Slate's Culture Blog
May 31 2013 4:10 PM

You’ve Probably Never Heard of One of the Best Shows on Television

The Venture brothers.

Adult Swim.

Do you like Archer’s mid-century modernist aesthetic and fascination with the bureaucratic machinations of superheroes and villains? Do you like Arrested Development’s self-referential callbacks and its obsession with how failure and dysfunction are handed down from one generation to another? And sure, I’ll go there: Do you like The Wire’s complex web of characters whose motivations and relationships are slowly teased out over season-long and even series-long arcs?

Then you will probably love The Venture Bros.


Written, directed, designed, edited, and largely voiced by two men, Eric “Doc” Hammer and Christopher McCulloch (aka Jackson Publick), The Venture Bros., which airs on Adult Swim, is one of the best—and certainly most original—shows on television. In four seasons produced over the course of a decade—the fifth premieres this Sunday—the series has grown from a goofy, oddly specific riff on Jonny Quest cartoons and other pulp adventure stories into an elaborate and wonderfully realized universe.*

The premise is complicated enough: Dr. Thaddeus “Rusty” Venture (voiced by James Urbaniak) attempts to recapture the fame and success of his world-famous super-scientist father, with his two sons Hank and Dean (the titular brothers) and their herculean body guard Brock Samson (perfectly voiced by Patrick Warburton) along for the ride. And that barely hints at the world of bizarre and hilarious characters, twisting plot lines, and superbly specific referential humor that makes the series so damn exciting.

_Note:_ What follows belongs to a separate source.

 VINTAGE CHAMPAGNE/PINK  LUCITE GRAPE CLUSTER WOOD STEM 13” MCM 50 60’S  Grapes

There’s the self-absorbed, butterfly-themed villain The Monarch and his Jackie Onassis-channeling 2nd-in-command/romantic interest, Dr. Girlfriend; the New Wave music enthusiast Albino and his hydrocephalic best friend, who met competing in illegal underground Quizboy competitions; the secret intelligence officer who bears a striking similarity to Hunter S. Thompson; the family of industrialists who illustrate just how messed up the Fantastic Four might have turned out; Phantom Limb, a villain with invisible appendages who vies for control of the organized villainy union, the Guild of Calamitous Intent, currently controlled by (who else) David Bowie. Actually, there’s a lot of David Bowie.

It’s the kind of show where no thread is ever dropped, where jokes and characters mentioned once in the first season suddenly become major plot points in the fourth. And it’s the rare comedy where characters actually grow, change, and develop over time—and the more you watch, the more you learn about characters’ histories and just why everyone is as messed up as they are. It can seem impenetrable, but the rewards for attentive viewing are considerable.

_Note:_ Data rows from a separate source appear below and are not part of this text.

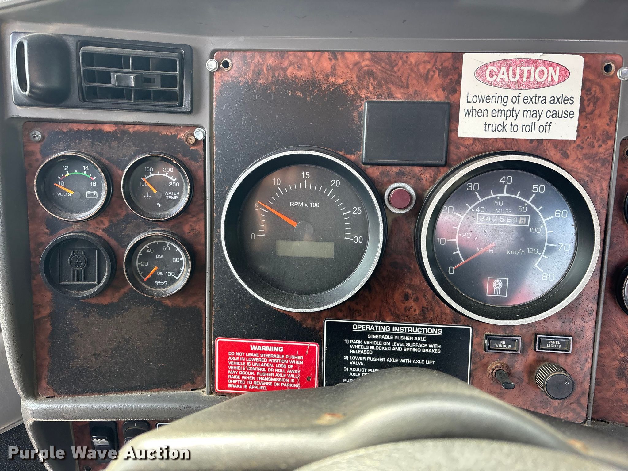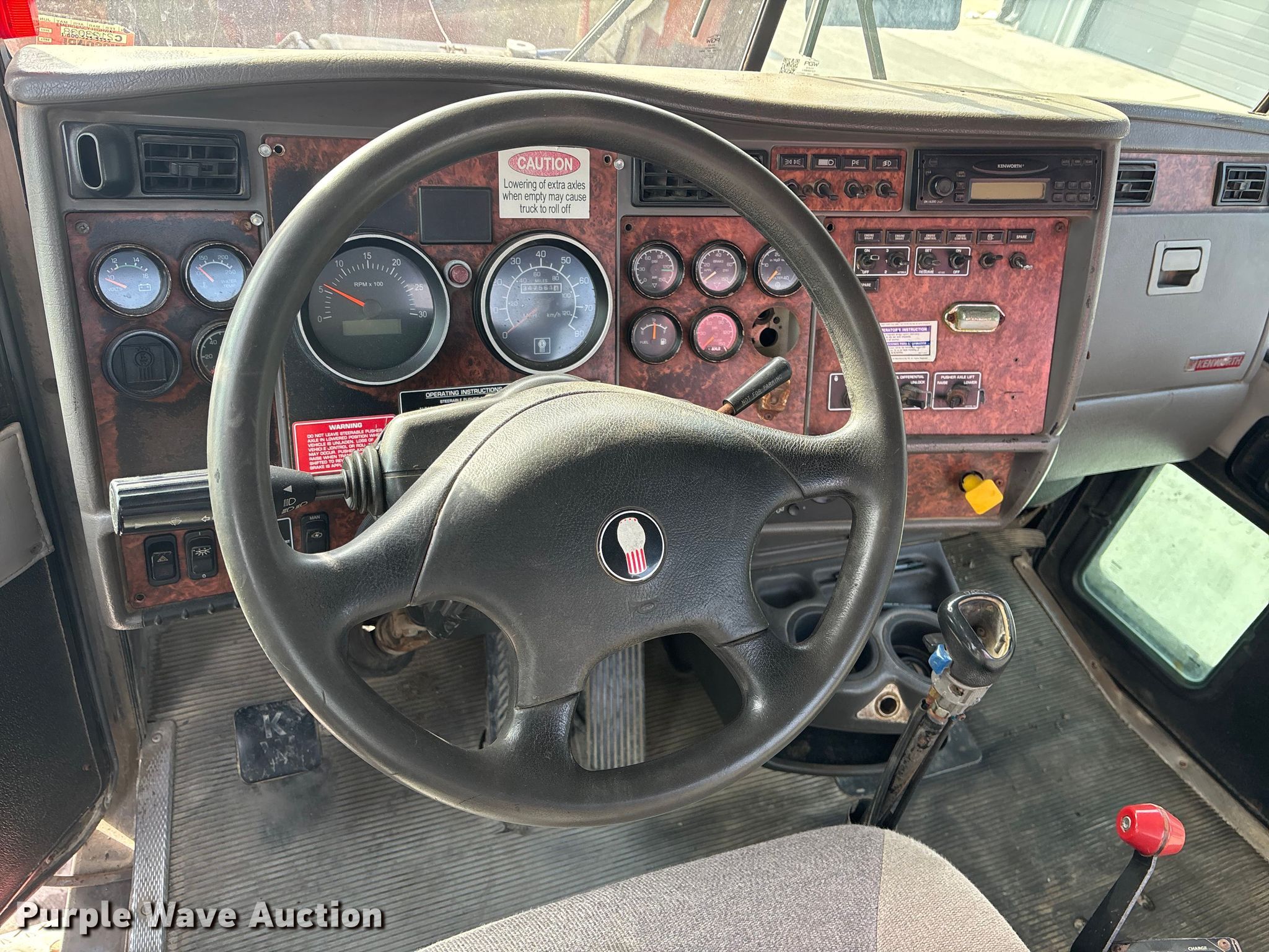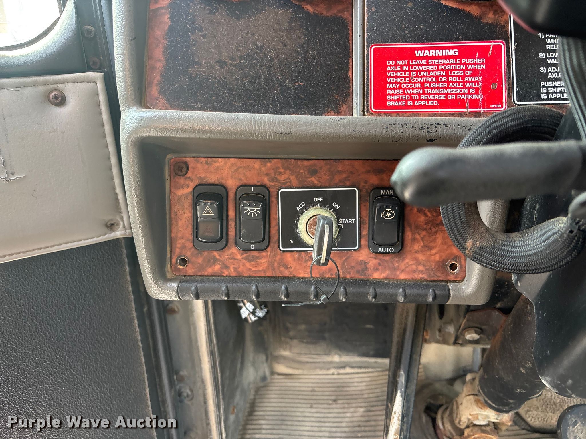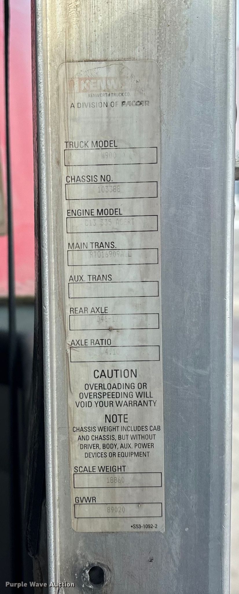 2005 Kenworth W900 ready mix truck. Miles: 347,561 on odometer, Hours: 3,200 on meter, VIN: 1NKWXUTX95J103388. Engine Caterpillar C13, Displacement: 12.0L, Cylinders: 6, Fuel type: Diesel, Engine brake. Transmission Eaton Fuller, Manual, Speed: 13. Chassis Axles: 4, Pusher axle Steerable, Tag axle Steerable, Differential lock: Inter-axle, Suspension: Spring, Brakes: Air, PTO, GVWR: 89,020 lbs. Interior AC, Heat, Heated mirrors, Cruise control. Features Mixer Mcneilus, Serial: 73310–24399, Capacity: 11 cu.yd., Rear drum controls, Water tank capacity: 125 gallons, Chute Extensions: 3.. Tires Front: 425/65R22.5, Rear: 11R22.5, Lift axle: 225/70R22.5. Notes Engine oil leak. Missouri title. Title distribution may be delayed up to 14 days from verification of funds. Calvert's Paving Inc... Kansas City, MO 64129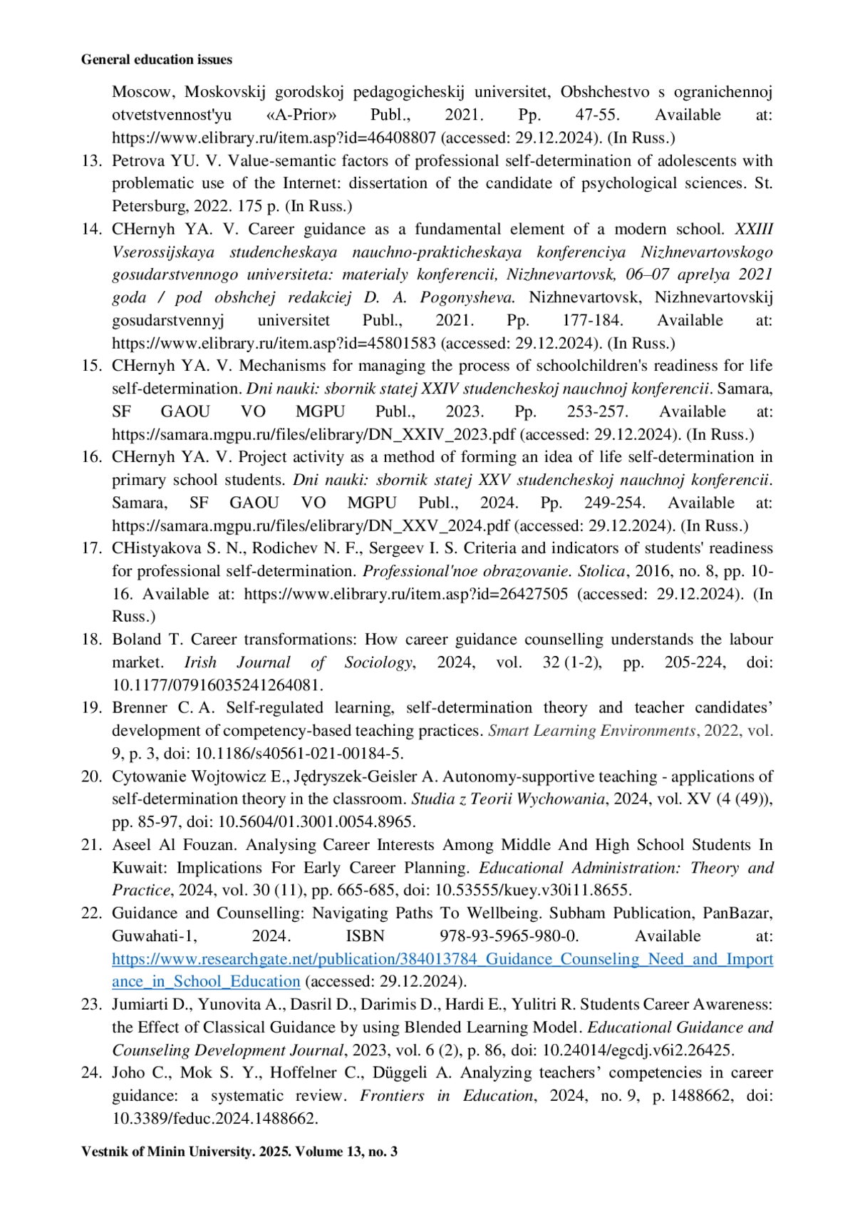 15. Черных Я. В. Механизмы управления процессом готовности школьников к жизненному самоопределению // Дни науки: сборник статей XXIV студенческой научной конференции. Самара: СФ ГАОУ ВО МГПУ, 2023. С. 253-257. URL: https://samara.mgpu.ru/files/elibrary/DN_XXIV_2023.pdf (дата обращения: 29.12.2024).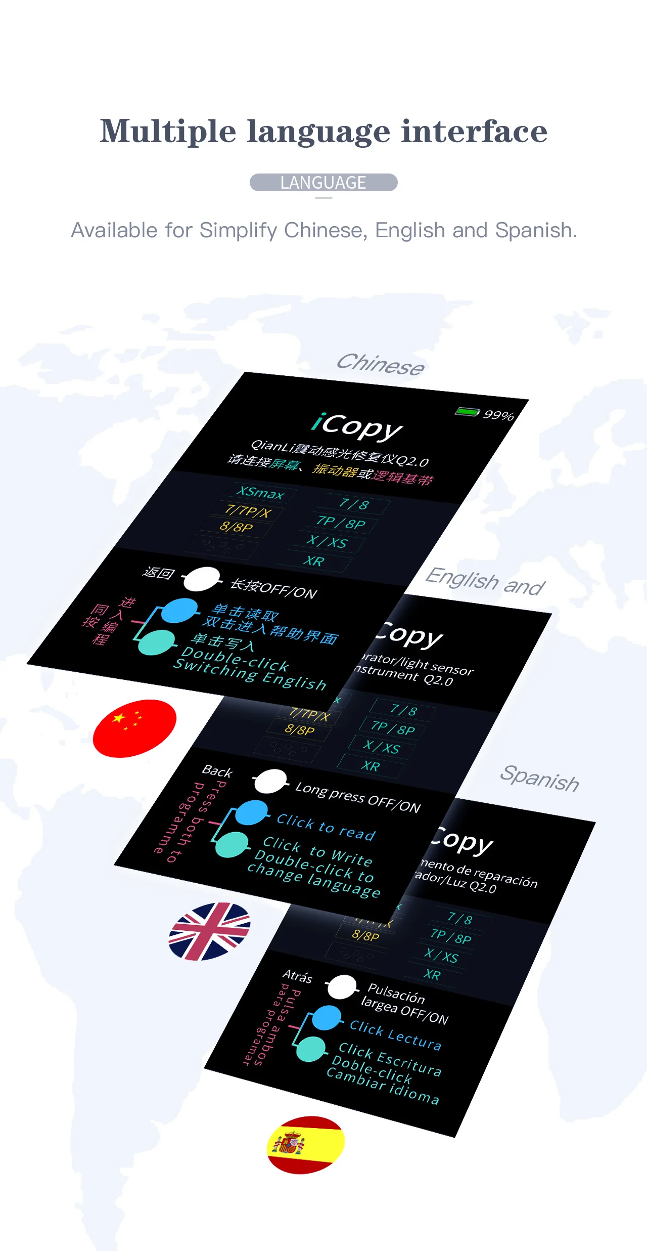 Support 2Chinese, English, Spainsh

Few TV showrunners have as much control over their final product as Hammer and Publick, and that control surely has much do with the utterly singular voice and perspective of the series. Unfortunately, the amount of work involved has also meant long delays between seasons: It’s been nearly two and half years since the finale of Season 4 aired. (There have been two specials in the meantime.) And for much of that time, the show was unavailable on any streaming services.

But now is the perfect time to jump in. You can finally binge through the first season via Netflix. If you’re skeptical, I’d recommend starting at episode 6, “Ghosts of the Sargasso,” an episode featuring a hilarious parody of Scooby-Doo style rubber-masked Ghost Pirates; Brock Samson executing one of the most delightfully foul hands-free combat techniques I’ve ever seen; and the excellently meta Bowie-riffing cold open linked above. If that piques your interest, Hammer and Publick recently released an epic 8-minute summary of the first four seasons, which should give you enough background to start watching this Sunday.

It’s true, the specificity of Hammer and Publick’s vision and references can become overwhelming. But for every extended joke comparing Hanna-Barbera characters to famous misanthropes of the ’60s and ’70s there’s a great Star Wars joke pitched right into the pop-culture strike zone, giving the show a kind of something-for-every-nerd appeal. Give it a chance. It just might be your new favorite show.

* Correction, June 3: This post originally misspelled the first name of fictional character Jonny Quest. There is no ‘h.’